:: Extracted records

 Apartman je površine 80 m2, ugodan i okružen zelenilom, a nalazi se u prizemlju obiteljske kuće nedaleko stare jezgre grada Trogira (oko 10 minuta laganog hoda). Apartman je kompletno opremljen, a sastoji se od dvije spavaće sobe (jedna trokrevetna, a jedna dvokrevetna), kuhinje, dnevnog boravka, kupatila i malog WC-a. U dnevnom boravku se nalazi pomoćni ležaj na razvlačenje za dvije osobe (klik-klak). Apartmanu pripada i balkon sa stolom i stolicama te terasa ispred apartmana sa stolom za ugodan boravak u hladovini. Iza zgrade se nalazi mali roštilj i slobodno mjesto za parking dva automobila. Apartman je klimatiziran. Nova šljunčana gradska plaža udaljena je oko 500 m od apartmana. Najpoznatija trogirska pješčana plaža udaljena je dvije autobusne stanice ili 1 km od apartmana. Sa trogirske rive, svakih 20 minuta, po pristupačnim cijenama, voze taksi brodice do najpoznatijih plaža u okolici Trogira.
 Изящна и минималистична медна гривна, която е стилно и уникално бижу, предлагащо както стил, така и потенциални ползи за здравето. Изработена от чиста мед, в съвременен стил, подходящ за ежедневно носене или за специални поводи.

::::
:: Extracted records

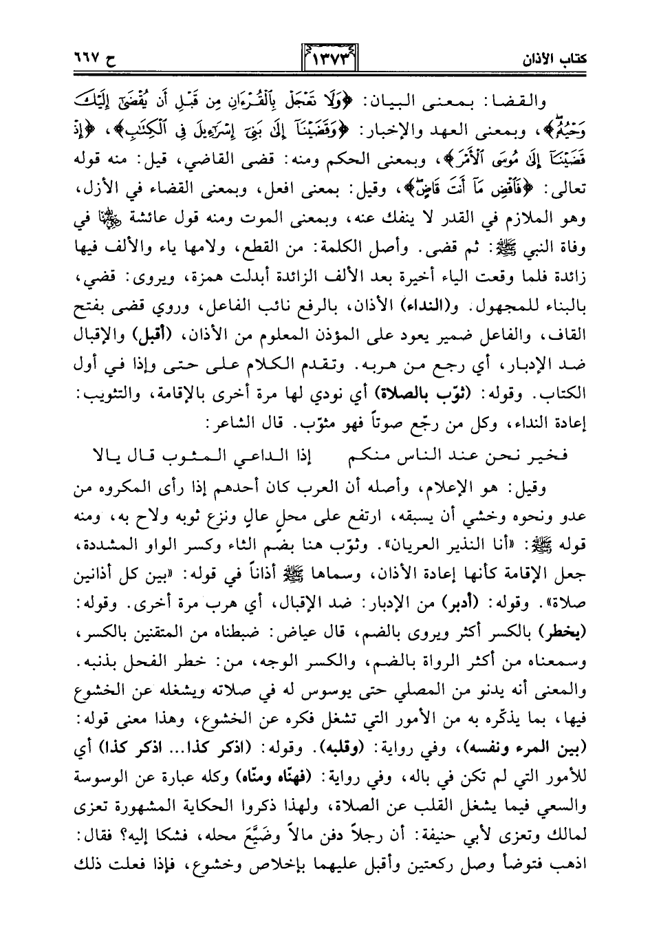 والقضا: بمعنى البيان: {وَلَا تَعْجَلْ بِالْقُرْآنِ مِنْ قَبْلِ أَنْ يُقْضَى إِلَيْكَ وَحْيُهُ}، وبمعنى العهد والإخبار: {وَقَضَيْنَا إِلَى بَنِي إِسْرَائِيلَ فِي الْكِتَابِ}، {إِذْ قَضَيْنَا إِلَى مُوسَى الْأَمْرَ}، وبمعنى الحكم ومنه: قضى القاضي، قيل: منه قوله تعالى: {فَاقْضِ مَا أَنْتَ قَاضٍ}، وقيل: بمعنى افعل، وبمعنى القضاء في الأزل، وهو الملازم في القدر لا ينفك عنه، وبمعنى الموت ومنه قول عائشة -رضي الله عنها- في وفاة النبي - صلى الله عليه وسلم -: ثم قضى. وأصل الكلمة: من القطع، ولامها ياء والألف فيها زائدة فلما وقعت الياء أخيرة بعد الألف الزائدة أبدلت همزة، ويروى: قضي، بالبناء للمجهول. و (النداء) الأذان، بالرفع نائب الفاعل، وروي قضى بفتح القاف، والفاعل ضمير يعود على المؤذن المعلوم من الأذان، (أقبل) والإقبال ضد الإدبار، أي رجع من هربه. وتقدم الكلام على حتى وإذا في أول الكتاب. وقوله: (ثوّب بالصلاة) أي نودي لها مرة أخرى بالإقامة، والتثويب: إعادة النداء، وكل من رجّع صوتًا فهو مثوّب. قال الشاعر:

::::

Problem: Nothing should appear in the answer except the lines above from the line with "Apartman je površine" through the line with "Изящна и минималистична", both included, written out exactly.

Result of this task:
 Apartman je površine 80 m2, ugodan i okružen zelenilom, a nalazi se u prizemlju obiteljske kuće nedaleko stare jezgre grada Trogira (oko 10 minuta laganog hoda). Apartman je kompletno opremljen, a sastoji se od dvije spavaće sobe (jedna trokrevetna, a jedna dvokrevetna), kuhinje, dnevnog boravka, kupatila i malog WC-a. U dnevnom boravku se nalazi pomoćni ležaj na razvlačenje za dvije osobe (klik-klak). Apartmanu pripada i balkon sa stolom i stolicama te terasa ispred apartmana sa stolom za ugodan boravak u hladovini. Iza zgrade se nalazi mali roštilj i slobodno mjesto za parking dva automobila. Apartman je klimatiziran. Nova šljunčana gradska plaža udaljena je oko 500 m od apartmana. Najpoznatija trogirska pješčana plaža udaljena je dvije autobusne stanice ili 1 km od apartmana. Sa trogirske rive, svakih 20 minuta, po pristupačnim cijenama, voze taksi brodice do najpoznatijih plaža u okolici Trogira.
 Изящна и минималистична медна гривна, която е стилно и уникално бижу, предлагащо както стил, така и потенциални ползи за здравето. Изработена от чиста мед, в съвременен стил, подходящ за ежедневно носене или за специални поводи.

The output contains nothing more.